[Work to complete]: The pictures in the listing below are to be skipped, while the lines between the line holding "The previously-mentioned cycleway" and the line holding "white fur detail", inclusive, are to be output exactly.

[Entries provided]:

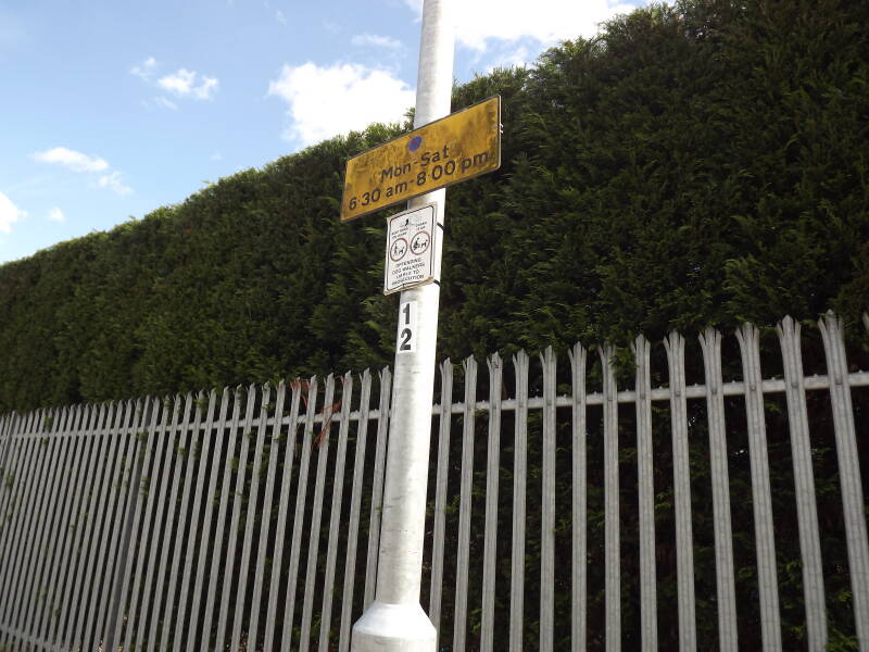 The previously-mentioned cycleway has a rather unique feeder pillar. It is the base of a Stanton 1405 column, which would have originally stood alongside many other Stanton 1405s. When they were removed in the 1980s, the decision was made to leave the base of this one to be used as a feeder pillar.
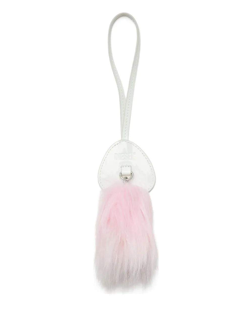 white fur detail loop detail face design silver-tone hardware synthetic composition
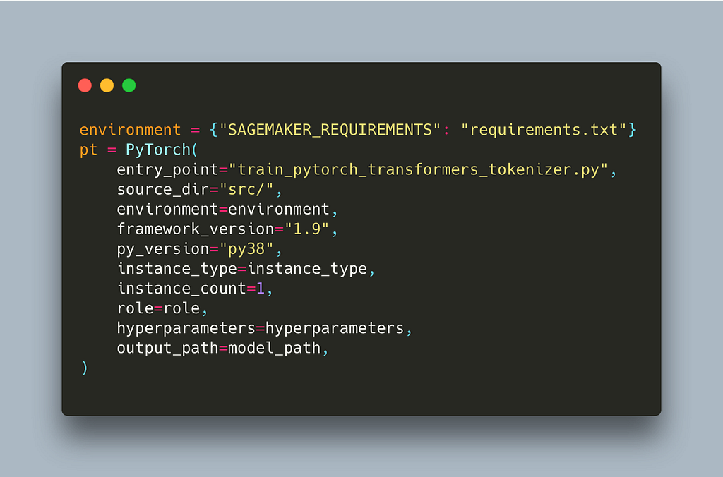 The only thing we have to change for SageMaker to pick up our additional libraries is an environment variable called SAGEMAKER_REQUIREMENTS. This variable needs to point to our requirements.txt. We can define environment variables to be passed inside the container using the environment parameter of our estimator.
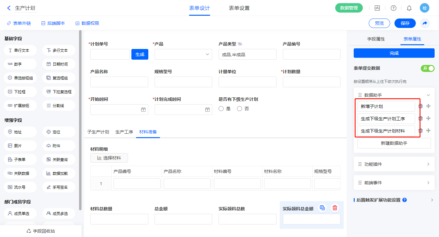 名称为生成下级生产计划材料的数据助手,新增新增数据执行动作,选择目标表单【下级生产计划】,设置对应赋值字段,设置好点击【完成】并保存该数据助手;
--
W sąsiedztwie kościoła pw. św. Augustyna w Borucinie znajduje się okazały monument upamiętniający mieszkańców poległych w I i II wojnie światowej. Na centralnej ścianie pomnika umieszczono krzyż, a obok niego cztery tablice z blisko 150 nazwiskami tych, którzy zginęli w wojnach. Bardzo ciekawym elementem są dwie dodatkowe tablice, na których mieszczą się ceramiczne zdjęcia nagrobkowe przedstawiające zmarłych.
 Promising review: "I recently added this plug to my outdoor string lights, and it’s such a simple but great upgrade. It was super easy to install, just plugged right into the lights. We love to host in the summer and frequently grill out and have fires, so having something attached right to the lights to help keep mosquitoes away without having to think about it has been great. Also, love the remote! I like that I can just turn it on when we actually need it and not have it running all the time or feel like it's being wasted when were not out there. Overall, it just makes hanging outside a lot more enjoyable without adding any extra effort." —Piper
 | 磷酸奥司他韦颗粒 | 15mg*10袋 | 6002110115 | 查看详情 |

[Expected answer]:
 The previously-mentioned cycleway has a rather unique feeder pillar. It is the base of a Stanton 1405 column, which would have originally stood alongside many other Stanton 1405s. When they were removed in the 1980s, the decision was made to leave the base of this one to be used as a feeder pillar.
 white fur detail loop detail face design silver-tone hardware synthetic composition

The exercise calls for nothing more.